LEZYONLARIN DAHA ERKEN TEŞHİS EDİLMESİNİ SAĞLIYOR
Yapay zekanın, derin öğrenmeye dayalı tanısal usullerle yüksek çözünürlüklü imgelerde bile zorlukla gözlemlenebilen kompleks özellikleri ortaya koyarak radyologlara ve patologlara yardımcı olduğuna dikkat çeken Prof. Dr. İpekçi, “Bu da gerçek teşhis ve risk sınıflaması için kıymetlidir. Bu araçlar, net bir müddet verilememekle birlikte elbet lezyonların daha erken tespit edilmesini kolaylaştırır. Bu derin öğrenme algoritmalarının dizaynlarına nazaran değişimleri olabilmekle birlikte, kanseri yanlışsız saptama oranları yüzde 70 ve üzeri olarak saptanmıştır” açıklamasında bulundu.
GELECEKTE MÜMKÜN KANSERLER DE İDDİA EDİLEBİLECEK
Yapay zekâ ile bir kişinin gelecekte prostat kanseri olacağının evvelce kestirim edilip edilemeyeceği sorusuna da cevap veren Prof. Dr. İpekçi, şunları söyledi:
“Mevcut çalışmalar yapay zekânın bir gün değerli bir hasta triyaj aracı olabileceğini ve radyologlara prostat kanseri tanısal manzaralarını okumada ve mümkün kanseri varsayım etmede daha da yardımcı olabileceğini göstermektedir.
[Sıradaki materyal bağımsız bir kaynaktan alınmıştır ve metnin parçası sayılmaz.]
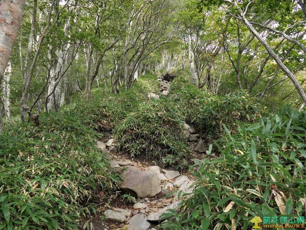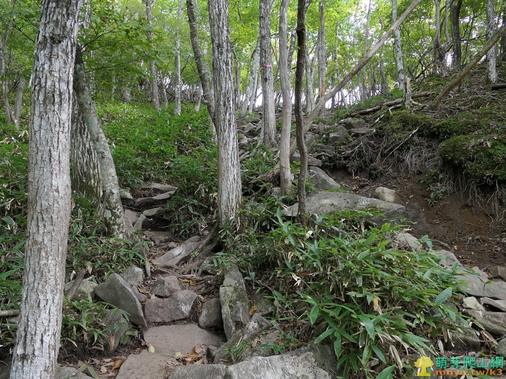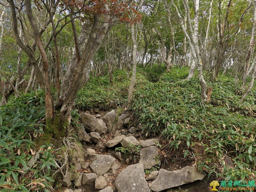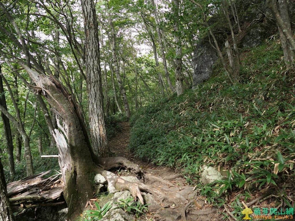 ▲經過猫岩後再一段大陡上坡,與前段一樣靠左側的山坡陡升回支稜,林下路徑有些雜亂。
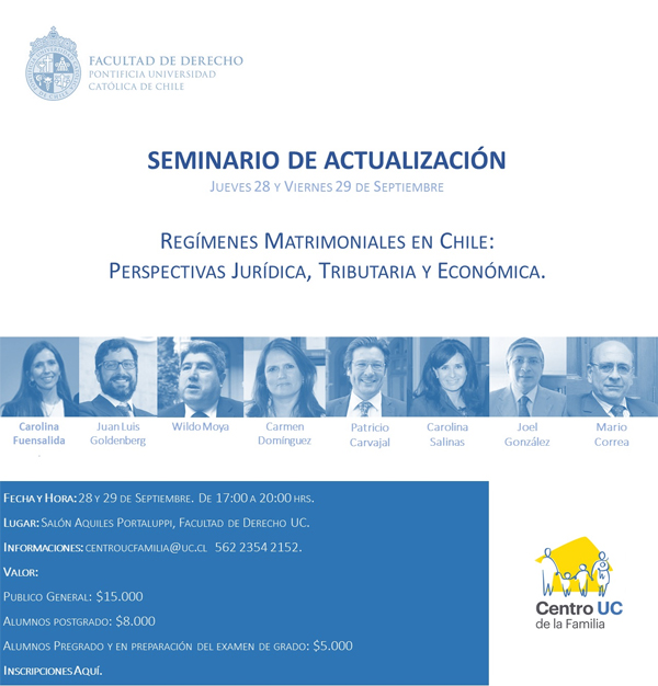 - Seminario de actualización Regímenes matrimoniales en Chile: Perspectivas jurídica, tributaria y económica
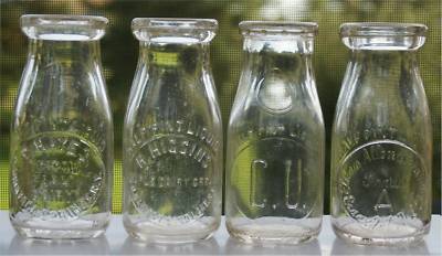 Lot of 4 Half Pint Milk Bottles, New York, Vermont
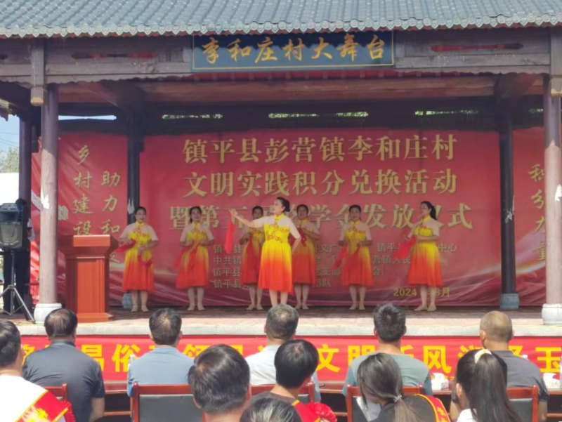 8月21日,镇平县彭营镇李和庄村大舞台前热闹非凡,文明实践积分兑换活动暨第五届奖学金发放活动在这里举行。
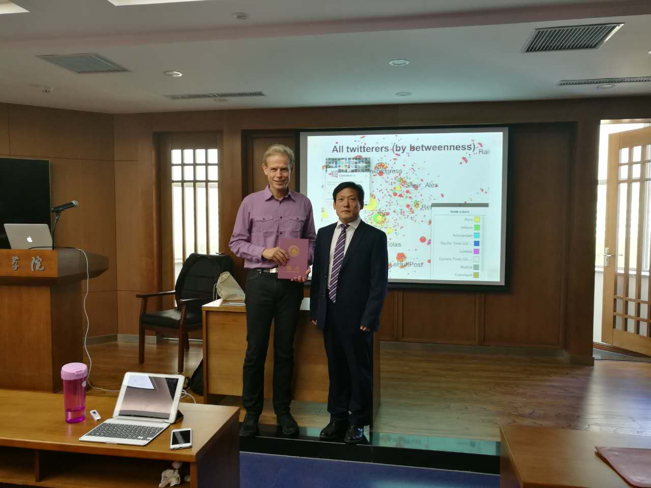 讲座中,Gloor教授结合社交媒体的检测、机器学习以及大数据方面的前沿观点,向与会师生展示了如何通过社交媒体分析组织内部甚至全球内集体认知。Gloor教授还解释了六个测量合作的可靠指标,均可通过社会网络分析得以实现。Gloor教授表示,他将作为沟通吉大ylzzcom永利总站线路检测、麻省理工大学、瑞士GDI研究所、德国科隆大学等高校院系之间的纽带和桥梁,组织不同国家、不同背景的学生进一步通过社交媒体研究跨学科的社会现象,最优项目获得者将有机会获得资助赴底特律参加2017年的COINS国际研讨会。
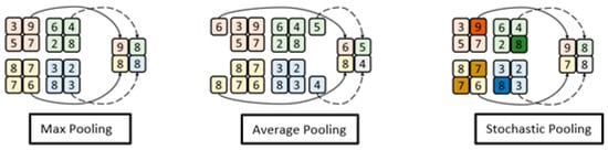 Figure 5. The pooling strategy can be selected based on image background, channel type, texture, and many more features. For instance, non-maximum values in the pooling kernel are discarded by max pooling, while the maximal feature values are not retained by average pooling. Conversely, retention of features in a certain direction is not the primary objective of stochastic pooling. Therefore, sticking to one strategy of pooling may lead to limited classification performance.
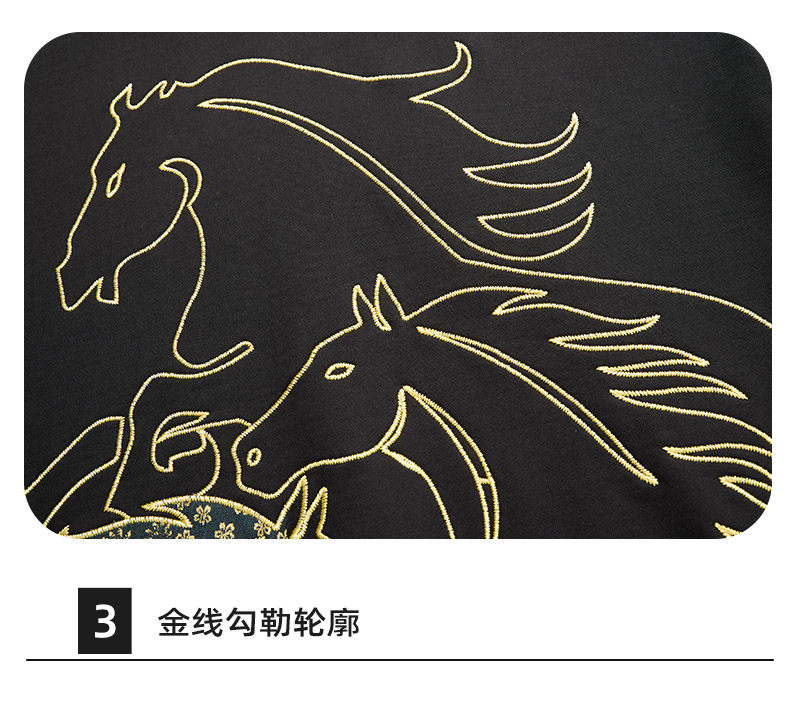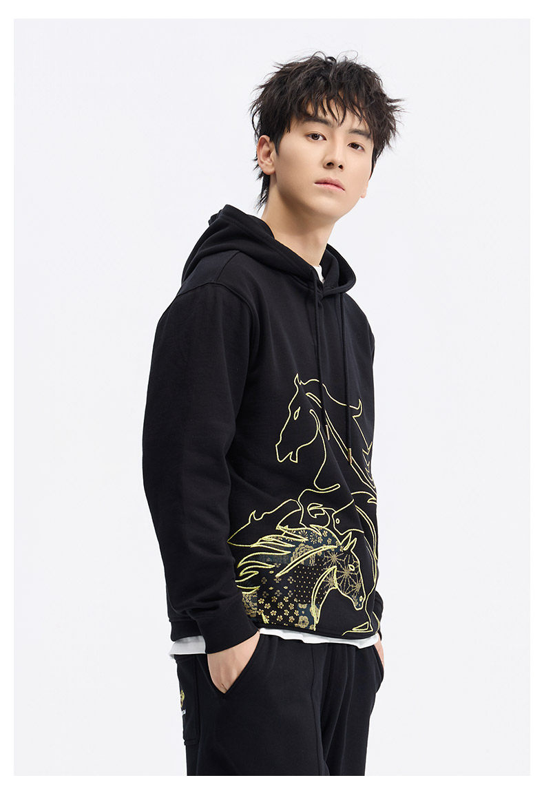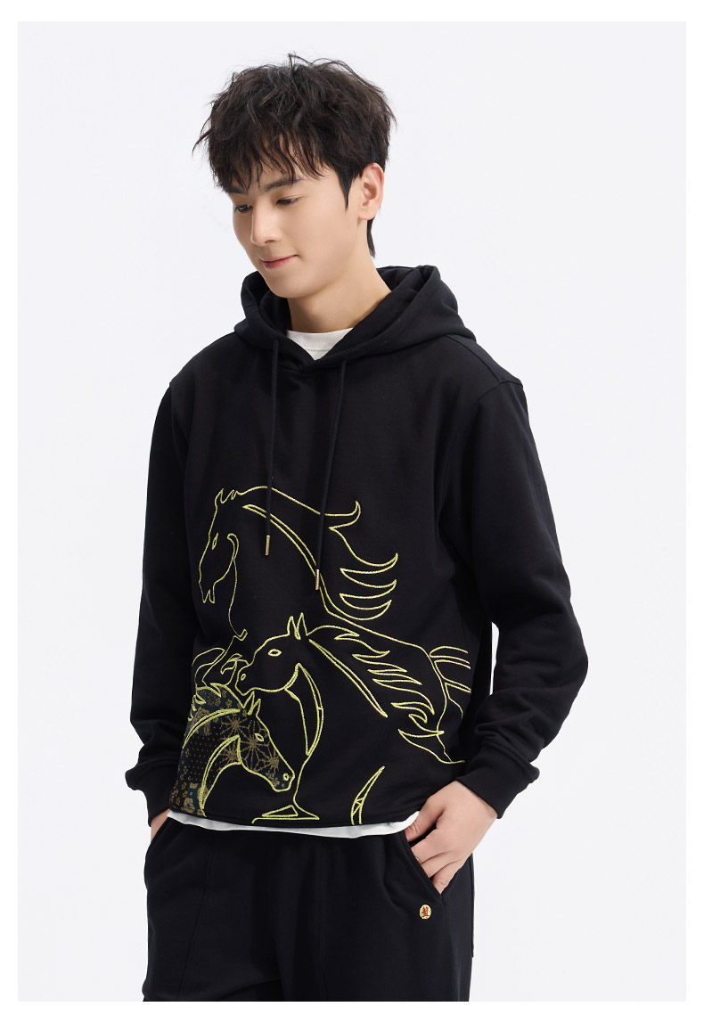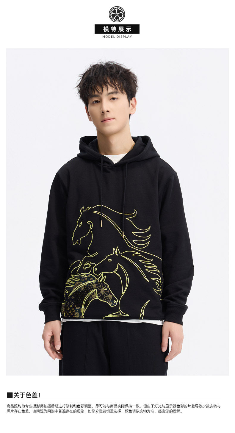 ONIARAI/鬼洗26春新品泥棒蓝马剪影拼花布刺绣连帽卫衣男 26NOB53
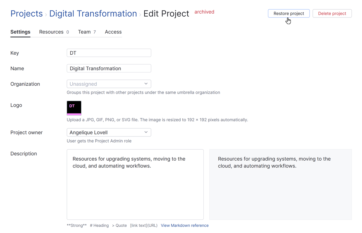 Unlike deleting a project, archiving is a reversible operation. You can easily restore an archived project when you need to.
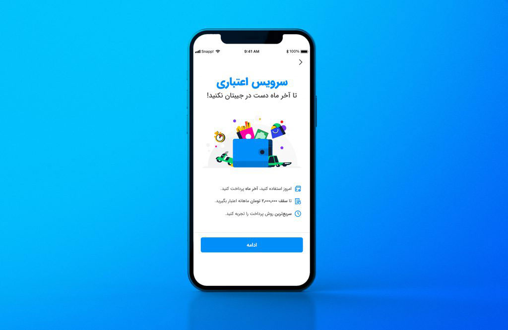 پس از انتخاب گزینه سرویس اعتباری وارد صفحه اصلی این خدمت میشوید. در این بخش اطلاعات کوتاهی در مورد قابلیتهای سرویس ارائه شده است. گزینه ادامه را بزنید تا وارد صفحه جدیدی شوید.
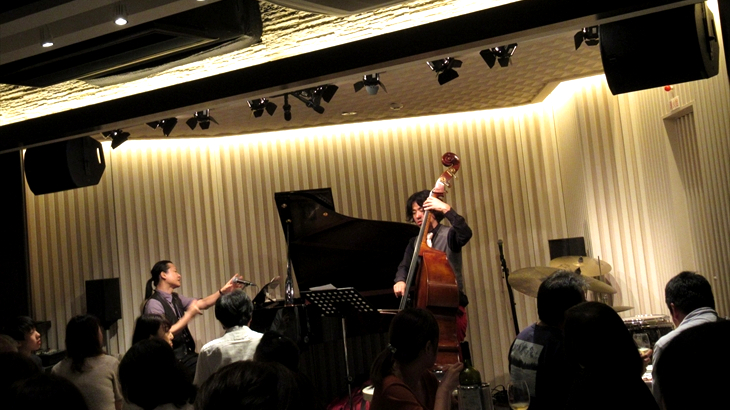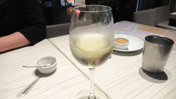 窓際の席に案内されるとスープみたいなお通しが登場、白グラスワインと生ハムとサラミの盛り合わせを注文し軽く頂いていると、生バンドの演奏がはじまりました。狭い座席スペースで満員なので少しうるさいという感じ。また、座席を詰め込んでいるので2人のお客様は相席になる方が多かったようです。
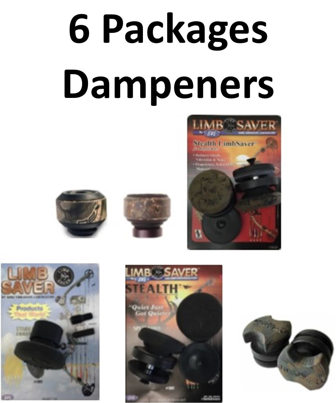 6 x Limb Dampeners, 1-Cable Guard G1, 1-Mini Xtreme Camo, 1-Stealth Hoyt Camo, 1-Enhancer, 1-Stealth Split, 1-Hoyt Ultra
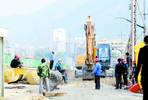 当日下午3时许,记者赶到南山路西北民大段看到,施工单位兰州市政公司已将战备路多半幅马路进行了封闭施工,西北民大后门以西仅允许单幅通车,施工单位正在沿西北民大围墙外侧进行基坑钻探。在西北民大后门以西至五泉天桥段,民大隧道的入口工程也全面展开,一辆挖掘机和数台掘井机正在忙碌着。
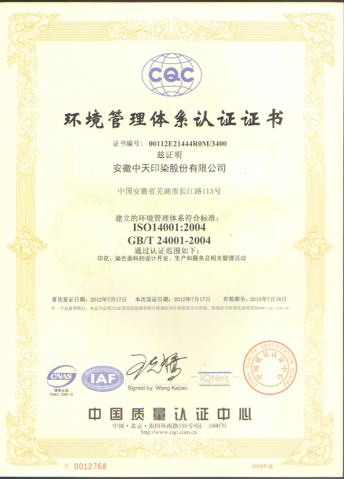2012年榮獲環(huán)境管理體系認證
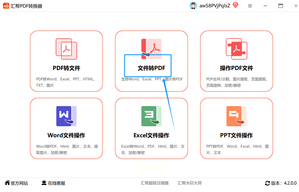 1. 启动软件,定位功能。 打开软件后,在主界面你会看到很多功能模块,像“文件转PDF”、“PDF转文件”、“PDF编辑”等。我们这次选“文件转PDF”。
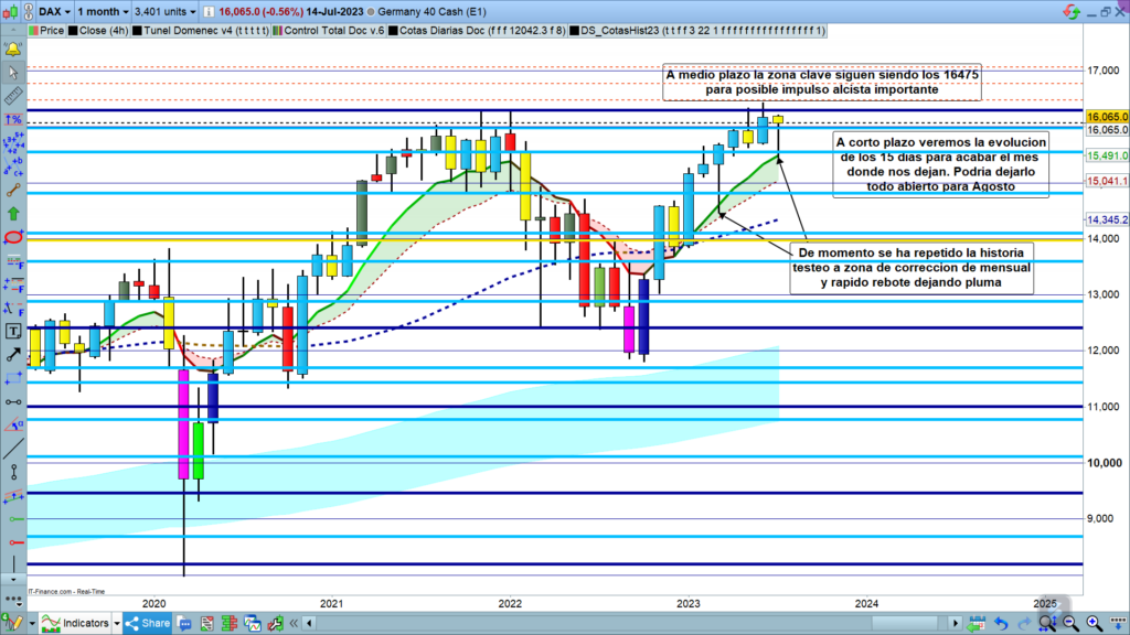 A corto plazo, ya se ve claramente que la zona clave va a ser la cota histórica importante en la zona de los, 15980, como veremos en gráficos de temporalidad menor, sólo el quiebre y confirmación de quiebre de esta cuota histórica importante podría abrir caminos bajistas, aunque de momento parecen ser en forma de corrección.

Ayrıyeten klasik formüllerle karşılaştırıldığında, nüksü ve metastazsız hayatta kalma mühletini kestirim etmede daha yeterli sonuçlar elde edebilir. Unutulmaması gerekir ki, prostat kanseri yavaş ilerler ve erken evrede yakalandığında uygun tedavi teknikleriyle tam kür sağlanabilen bir kanser cinsidir.”
KORUNMAK İÇİN DİKKAT EDİLMESİ GEREKENLER
Prof. Dr. İpekçi, prostat kanseri olmamak için dikkat edilmesi gerekenleri ise şöyle açıkladı:
“Prostat kanseri için, bilimsel araştırmalarda ispatlanmış, önleyici bir tedavi ya da besin vaktimizde yoktur. Akdeniz tipi diyetler üzere bitkisel tabanlı diyetlerin agresif prostat kanserine yakalanma riskini kıymetli ölçüde azalttığı görülmüştür. Yeniden kilo denetimi, antrenman, obeziteden kaçınma, hayvansal protein ve yağ içeriği bakımından varlıklı besinlerin fazla tüketimini azaltma ve sık ejakülasyon hastalara önerilebilir.”